Cardinality is an approachable way to think about this complex problem. If a user searches Toolhub for the plural English noun templates they are probably equally happy to find results where the toolinfo author used the singular English noun template. A savvy user can use wildcards to work around a lack of cardinality stemming in some languages (like English) by searching for template*. This type of workaround is limited however to suffix-based variations.

Elasticsearch uses token filters to implement stemming support. Fully supporting all languages is a never ending task, but we should be able to support a number of commonly used languages without investing hundreds of human hours in implementation and configuration by using multi-fields with language-specific analyzers. For the initial implementation, supporting English stemming would be sufficient. We do not have a localization process for toolinfo records yet, and as a result most content is only available in English.

Event Timeline

bd808 triaged this task as Medium priority.Dec 2 2021, 11:13 PM
bd808 updated the task description. (Show Details)
bd808 moved this task from Backlog to Groomed/Ready on the Toolhub board.

@bd808 Could you help me understand what user value this enables? Likewise, how might we acceptance test this when completed?

@bd808 is there any preferred method to solving this? elastic search seems to have certain in-built stemmers, each having there advantages and disadvantages. I was wondering if you have any preference or we should come up with something?

@bd808 Could you help me understand what user value this enables? Likewise, how might we acceptance test this when completed?

The most simple description is that it would enable a search for "template" to match a record containing the word "templates" and vice versa. This is accomplished by stemming each term as it is added to the full text index or search criteria so that it is stored/searched in a root form according to the rules of the token filter being used. For our current English language corpus, a good acceptance test would be that a search for "template" returns the same matched number of records as a search for "template*". At the time I'm writing this, the latter query is returning 29 more results than the first.

@bd808 is there any preferred method to solving this? elastic search seems to have certain in-built stemmers, each having there advantages and disadvantages. I was wondering if you have any preference or we should come up with something?

For the moment we really only need English stemming due to the dominance of English in our source material and out current lack of translation for the dynamic content of toolinfo records. The upstream recommended "english" stemming filter would be the simplest thing to start with, but we could also try to get some advice from @TJones on customizations that would be even more likely to be effective.

Trey has previously written about improvements to search for enwiki that he researched and tested. Perhaps he would be able to tell us roughly which parts of the text analyzer config used for English by CirrusSearch are worth attempting to apply to our index.

Because our production deployment is made to Elasticsearch clusters which also service CirrusSearch we should be able to use custom analyzers built for CirrusSearch. Use of custom things may need to be gated by a new configuration variable (a feature toggle) if adding the same Elasticsearch customization to our development and demo mode Elasticsearch Docker container are too complicated to support.

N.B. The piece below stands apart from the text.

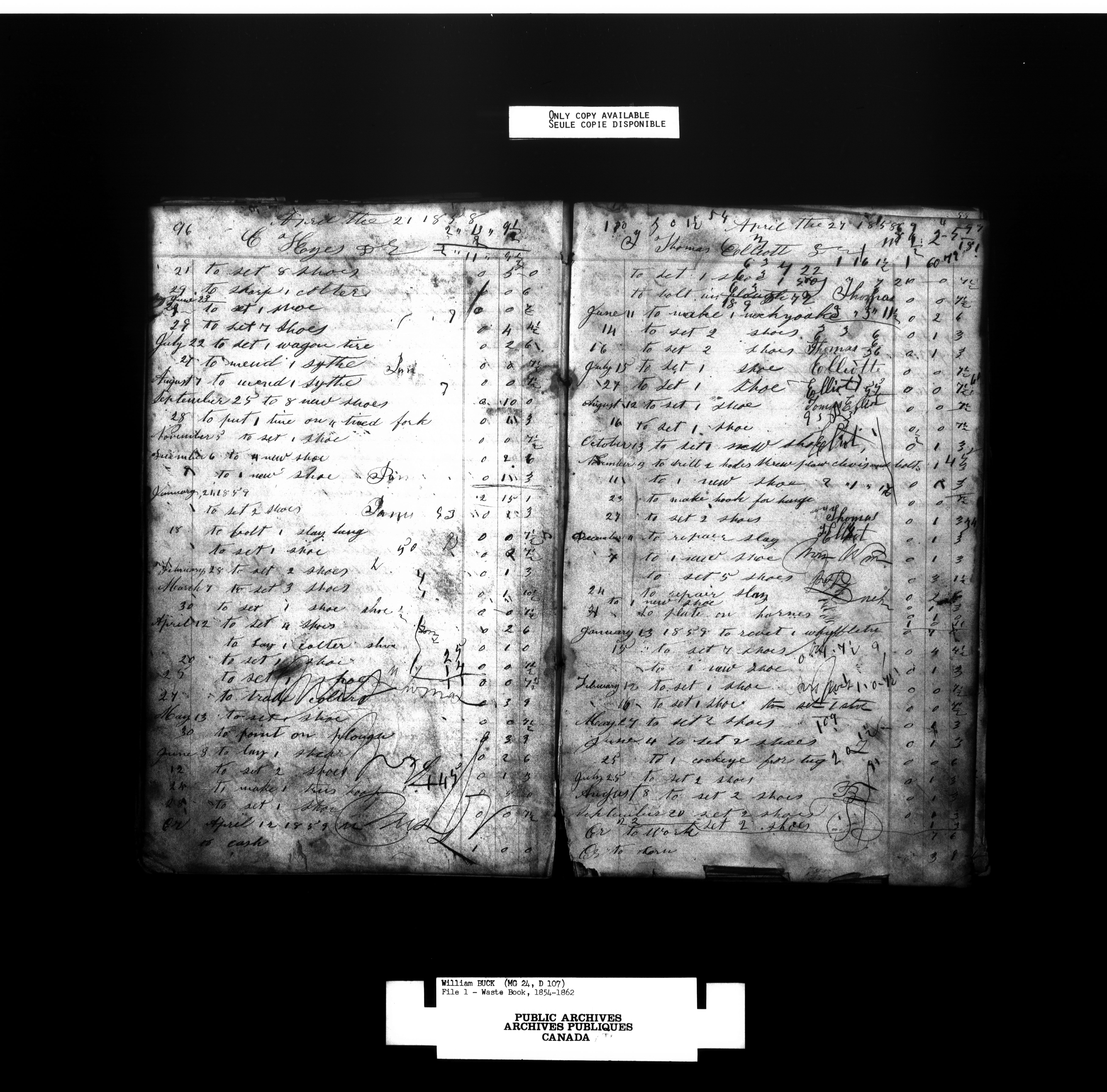 William Buck's waste books containing rough accounts of blacksmith work done, 1854-1862, 1879-1984Index to accounts and personal papers - 1563

@bd808 is there any preferred method to solving this? elastic search seems to have certain in-built stemmers, each having there advantages and disadvantages. I was wondering if you have any preference or we should come up with something?

For the moment we really only need English stemming due to the dominance of English in our source material and out current lack of translation for the dynamic content of toolinfo records. The upstream recommended "english" stemming filter would be the simplest thing to start with, but we could also try to get some advice from @TJones on customizations that would be even more likely to be effective.

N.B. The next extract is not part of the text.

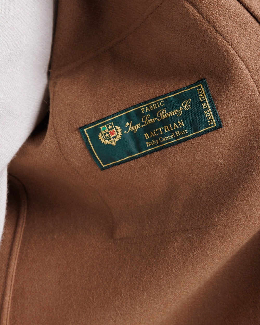 Il tessuto Bactrian 100% Baby Camel Hair Loro Piana made in Italy è una delle espressioni più alte del lusso tessile italiano. Ricavato dal primo vello del cammello battriano, raccolto naturalmente durante la muta, è una fibra rarissima, estremamente fine e morbida, paragonabile al miglior cashmere ma più resistente. Offre un’eccellente termoregolazione, risultando caldo ma traspirante, ed è ideale per capi come le overshirt grazie alla sua leggerezza con struttura. Al tatto è setoso, visivamente elegante e opaco, con una profondità naturale del colore tabacco. Lavorato interamente in Italia, rappresenta un equilibrio perfetto tra comfort, raffinatezza e durabilità.

Trey has previously written about improvements to search for enwiki that he researched and tested. Perhaps he would be able to tell us roughly which parts of the text analyzer config used for English by CirrusSearch are worth attempting to apply to our index.

Because our production deployment is made to Elasticsearch clusters which also service CirrusSearch we should be able to use custom analyzers built for CirrusSearch. Use of custom things may need to be gated by a new configuration variable (a feature toggle) if adding the same Elasticsearch customization to our development and demo mode Elasticsearch Docker container are too complicated to support.

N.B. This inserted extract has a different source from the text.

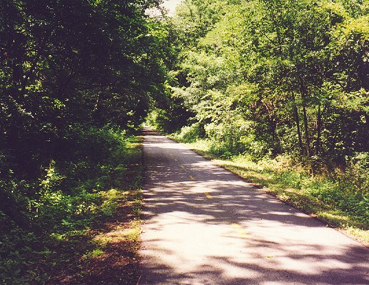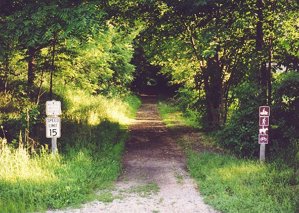 I rode back to Bull Valley Road and went west to the Prairie Trail north into McHenry. It was pretty in the early morning light. I saw a few friendly runners putting in their miles before the heat of day struck. The trail was closed for construction north of McCullom Lake Road, unfortunately for me (fortunately for the locals who are by now enjoying the newly paved path). I carried a thick stack of 80 maps printed from Microsoft Streets 98 with me for this very reason, so I was able to successfully find my way back to the trail further north in Ringwood. While it had been paved in McHenry, here the Prairie Trail was described by guidebooks as " natural" or " ballast." It was kind of a cross between dirt and gravel. In some places it was especially rough from horse traffic. In general, the trail was okay for my hybrid, but I wouldn't take a skinny-tired road bike on it. At least it was easy to follow, and the isolation was a nice change from the heavily traveled route I had ridden on Friday.

I think our first step should be to contact @TJones then and hear what he thinks

The default English analyzer (the inner details of which are here) is probably a good place to start.

On English Wikipedia, Wiktionary, and other wikis, we have a lot more complex configuration because of the wild breadth of content covered. We need to handle unusual Unicode characters, extensive non-English text, hard-to-type diacritics, creative forms of vandalism, etc. It sounds like you probably don't need all that—and if it turns out that you do, you can iterate later after making a big easy improvement with the English analyzer ("type": "english").

If you want to just implement stemming—for example, if you are worried that stop words would filter out too much—you could do that, too. But unless you have tools with weird names like "The The" or "To Be Or Not To Be", it should be fine.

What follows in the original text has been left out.